WORK TO BE COMPLETED: All pictures must be left out as you transcribe the lines from the first line of the data to the line containing "カブ知恵発 PTS値上がりTOP10(2025/10/22)", both included.

DATASET ENTRIES:
____________

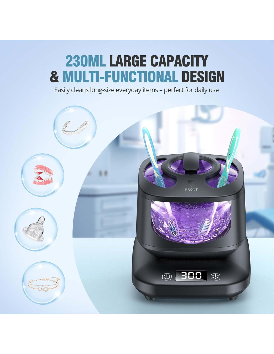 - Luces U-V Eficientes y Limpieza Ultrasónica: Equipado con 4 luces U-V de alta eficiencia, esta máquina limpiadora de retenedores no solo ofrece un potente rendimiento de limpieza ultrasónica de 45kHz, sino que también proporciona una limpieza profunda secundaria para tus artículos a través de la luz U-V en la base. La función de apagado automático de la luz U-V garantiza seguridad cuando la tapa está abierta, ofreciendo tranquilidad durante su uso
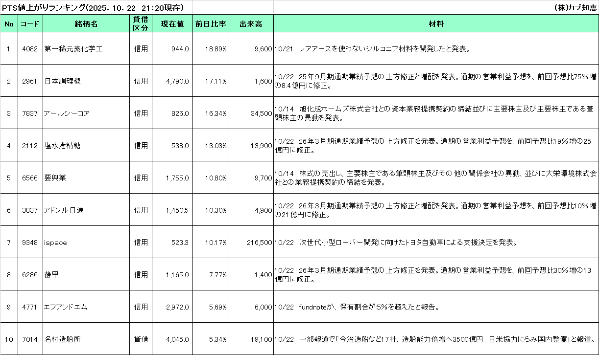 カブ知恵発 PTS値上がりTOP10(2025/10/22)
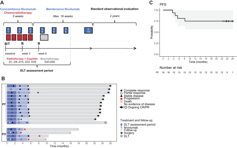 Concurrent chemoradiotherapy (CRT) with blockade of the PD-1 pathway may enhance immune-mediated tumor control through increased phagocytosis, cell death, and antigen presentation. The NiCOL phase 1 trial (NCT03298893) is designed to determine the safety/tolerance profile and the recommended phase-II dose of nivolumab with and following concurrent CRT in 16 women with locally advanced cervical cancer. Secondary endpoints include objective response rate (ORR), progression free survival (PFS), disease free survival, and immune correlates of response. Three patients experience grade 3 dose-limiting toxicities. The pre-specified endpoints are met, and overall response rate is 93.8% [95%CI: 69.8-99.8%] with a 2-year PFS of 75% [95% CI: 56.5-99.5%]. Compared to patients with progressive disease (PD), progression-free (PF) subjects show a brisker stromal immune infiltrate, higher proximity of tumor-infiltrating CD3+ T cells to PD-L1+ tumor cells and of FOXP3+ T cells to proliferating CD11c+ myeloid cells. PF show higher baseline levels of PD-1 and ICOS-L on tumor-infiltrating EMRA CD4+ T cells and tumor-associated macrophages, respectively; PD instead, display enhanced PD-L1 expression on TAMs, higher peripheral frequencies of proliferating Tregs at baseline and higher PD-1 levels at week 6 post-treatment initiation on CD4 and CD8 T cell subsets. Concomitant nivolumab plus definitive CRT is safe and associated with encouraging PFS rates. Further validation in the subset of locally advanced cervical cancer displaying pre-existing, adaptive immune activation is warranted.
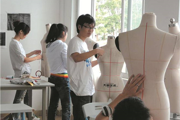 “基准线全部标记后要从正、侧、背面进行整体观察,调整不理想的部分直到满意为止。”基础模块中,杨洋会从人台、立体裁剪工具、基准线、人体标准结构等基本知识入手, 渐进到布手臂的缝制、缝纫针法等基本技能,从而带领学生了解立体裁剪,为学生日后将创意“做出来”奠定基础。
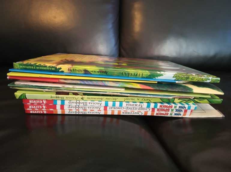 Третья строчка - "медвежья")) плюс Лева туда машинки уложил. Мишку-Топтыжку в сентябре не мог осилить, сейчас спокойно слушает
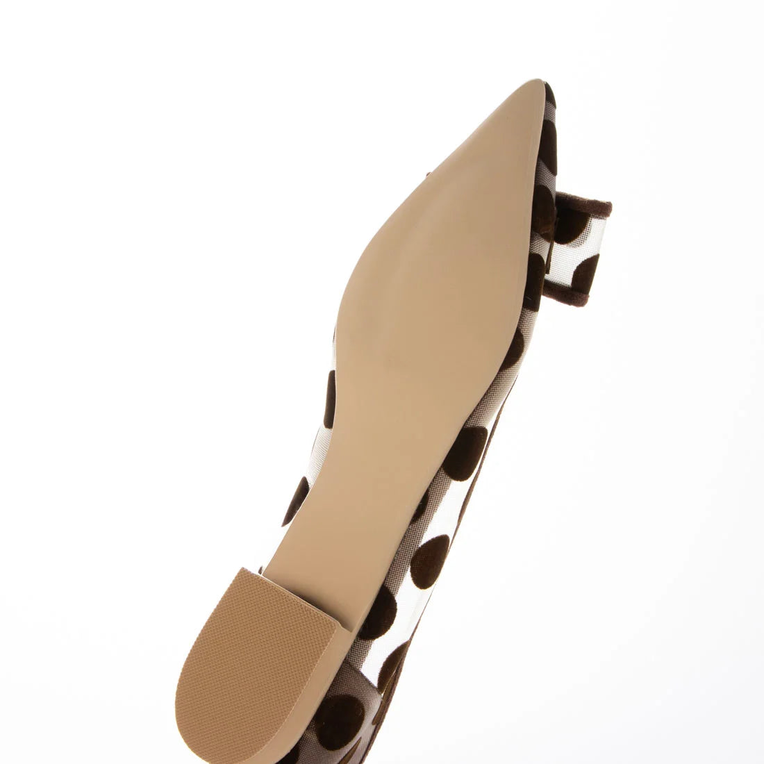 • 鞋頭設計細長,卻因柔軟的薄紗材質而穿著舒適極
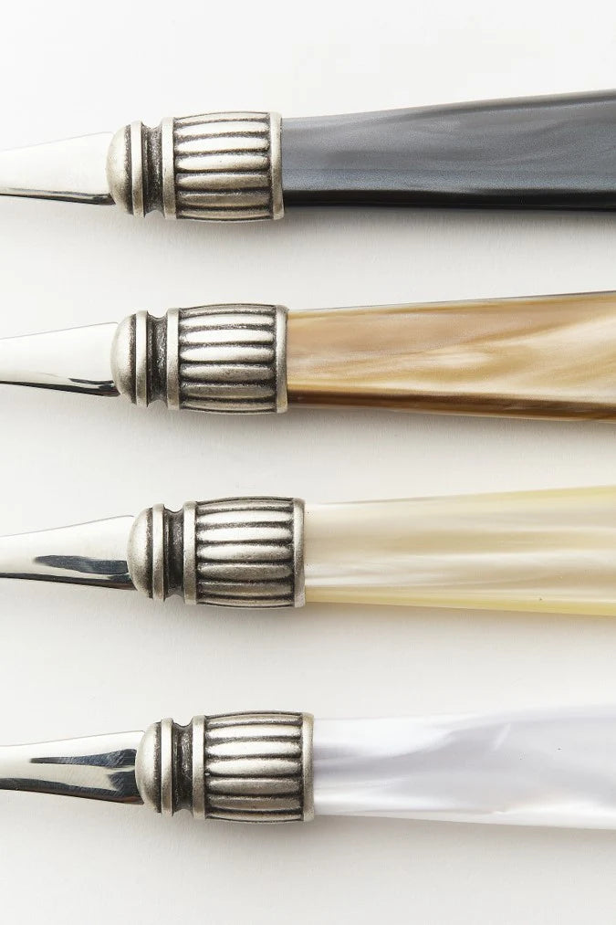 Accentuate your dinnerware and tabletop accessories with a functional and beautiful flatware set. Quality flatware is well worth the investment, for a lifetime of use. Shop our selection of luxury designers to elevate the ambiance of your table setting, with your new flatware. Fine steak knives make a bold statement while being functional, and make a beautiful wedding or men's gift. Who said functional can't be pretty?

____________

SOLUTION TO THE EXERCISE:
 - Luces U-V Eficientes y Limpieza Ultrasónica: Equipado con 4 luces U-V de alta eficiencia, esta máquina limpiadora de retenedores no solo ofrece un potente rendimiento de limpieza ultrasónica de 45kHz, sino que también proporciona una limpieza profunda secundaria para tus artículos a través de la luz U-V en la base. La función de apagado automático de la luz U-V garantiza seguridad cuando la tapa está abierta, ofreciendo tranquilidad durante su uso
 カブ知恵発 PTS値上がりTOP10(2025/10/22)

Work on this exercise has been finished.